The diagram above is a logical depiction of how load balancers work. It only shows one load balancer, which is not a very resilient design. This logical abstraction is easy to illustrate, but is not accurate.
Behind the scenes, multiple load balancer nodes are deployed into each subnet within an availability zone. The load balancer is created with a single DNS record that points at all the elastic load balancer nodes created, i.e. this single DNS record points at all of the IP addresses of the actual nodes deployed. All incoming requests are distributed equally across all the load balancer nodes and the load balancer nodes in turn equally distribute requests to target instances. In this way, you don’t have a single point of failure.
A more realistic, albeit more complex, representation of how load balancers work is shown below. In this example, requests will come to any of the load balancer nodes deployed across the three subnets and then they are equally distributed across the target instances.
Why use it
Load balancers ensure that traffic is distributed among the target instances. This spreads out the load and prevents a single instance from being overloaded with an excessive number of requests.
Load balancers also create a loosely coupled architecture. Loose coupling is generally sought because it prevents the need for users to be aware of the instances, or instances to be aware of other instances.
What exactly does being “aware” mean? Since user requests are first sent to the load balancer, users are not aware of the instances actually responding to their request. All communication is done via the load balancer, so it becomes easy to change the type and number of instances without the user being aware of it. The load balancer is aware of the instances in its target so it can send the request to all relevant instances.

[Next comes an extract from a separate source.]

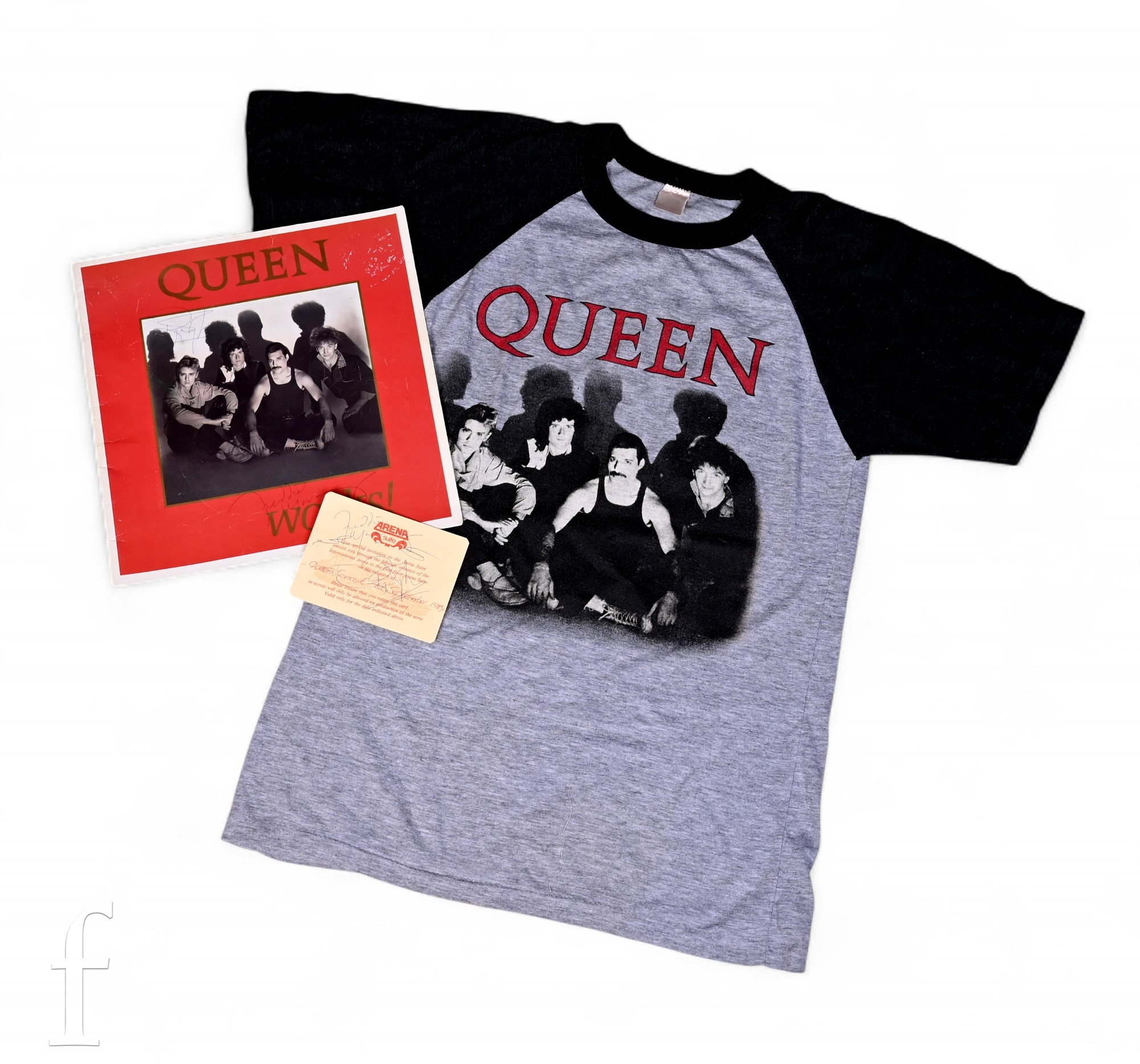 Queen - A collection of items to include a signed Works! tour programme signed by Freddie Mercury and Roger Taylor to the front and Brian May to the inside, indistinctly signed to the reverse, together with an Arena Suite special invitation card, signed by Freddie Mercury and Roger Taylor, together with Tour T Shirt.

Bringing it Together - Load Balancing & Auto Scaling in Action
The diagram below shows load balancing and auto scaling used for a three tiered web application consisting of a web, application and database tiers. Each of these tiers have separate instances/infrastructure.
The instances in the web and application tiers are in separate auto scaling groups. There is also a load balancer between the user and the web tier, and between the web tier and the application tier.
By having a load balancer between the user and the web tier, the web tier can scale independently, using the auto scaling feature to add more or remove instances as needed. The user does not need to know which instance to connect to as the connection is through a load balancer. This is loose coupling in action. The same logic applies between the web tier and application tier. Without the load balancer, the instances in the two tiers would be tightly coupled, making scaling difficult.
The database tier in this case is an RDS database with one master and two standby nodes. All reads and writes go to the master node and if this node fails, there is an automatic failover to one of the standby instances.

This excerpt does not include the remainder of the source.